Despite an official signing age of 16, MLB has not sought to limit early deals, opting instead to pursue a draft that the league believes would stop them. The increase in teams backing out of early deals prompted Ulises Cabrera, who represented Fañas and Pavon through the Dominican Prospect League he helped found, to explore potential legal remedies.
“If everybody does the right thing, then none of this is an issue,” Cabrera said. “If the players hold on to their end of the bargain and do what they’re supposed to do, there’s no issue. If the teams do what they’re supposed to do, there’s no issue. The issue becomes when one of the stakeholders in the mix, whether it be a player using steroids or using false documents and does something wrong — that’s an issue. Whether it’s a trainer who’s injecting steroids into a player and doing things to fudge the perception of how good the player is, or if it’s a team doing tricks to back out of deals or to do side deals. Whenever someone is doing something that should not be done, then we have an issue.

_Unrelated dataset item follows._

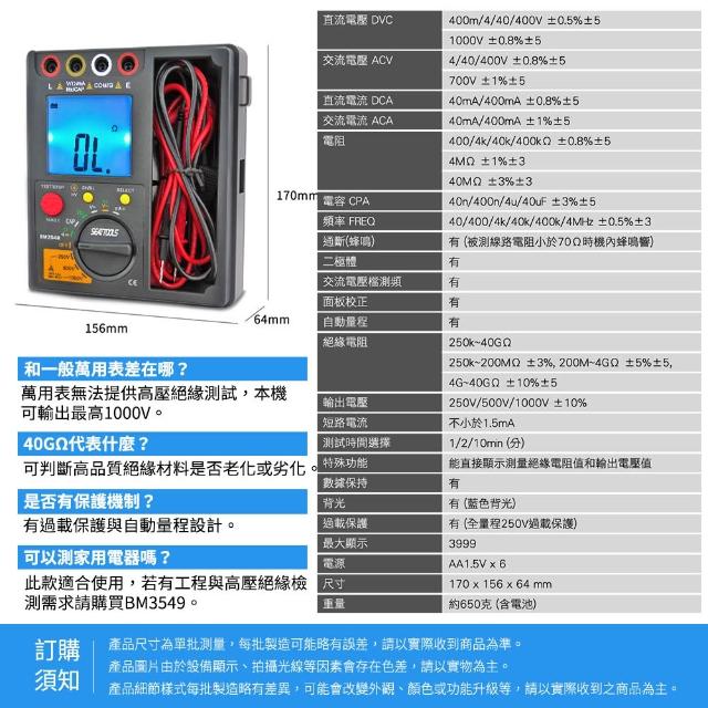 智宅+ 絕緣高阻計 絕緣阻抗測試器 高阻計 兆歐表 165-BM3548 數位萬用錶 絕緣電阻計 數位萬用表 阻抗測試計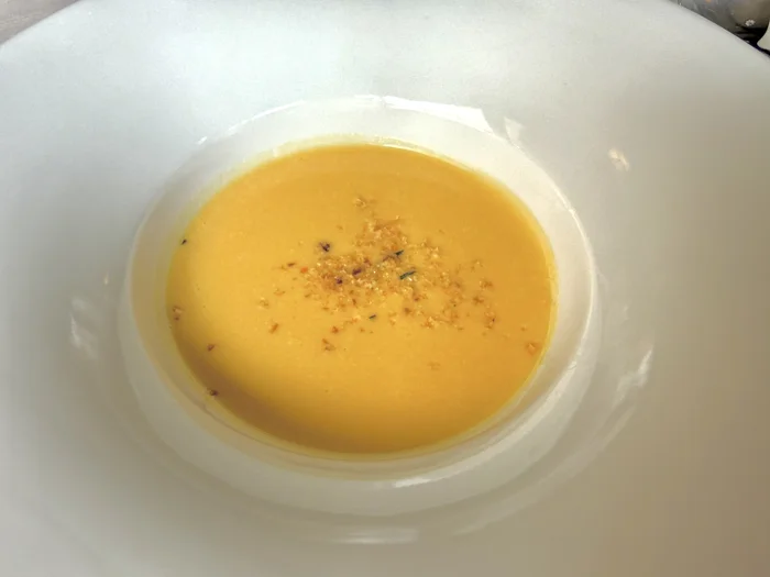 続くポタージュは、にんじん、玉ねぎ、さつまいもの自然な甘みが体に染み渡る優しいお味でした。

“… There is no accountability across the board for anybody, in effect, any of the stakeholders in this space. MLB doesn’t enforce anything. They don’t hold their teams accountable. The teams don’t hold their scouts accountable. Everybody throws their hands up — it’s the wild, wild West — when it’s convenient. I think our hope with this is that there needs to be some type of consequence for people doing the wrong thing.”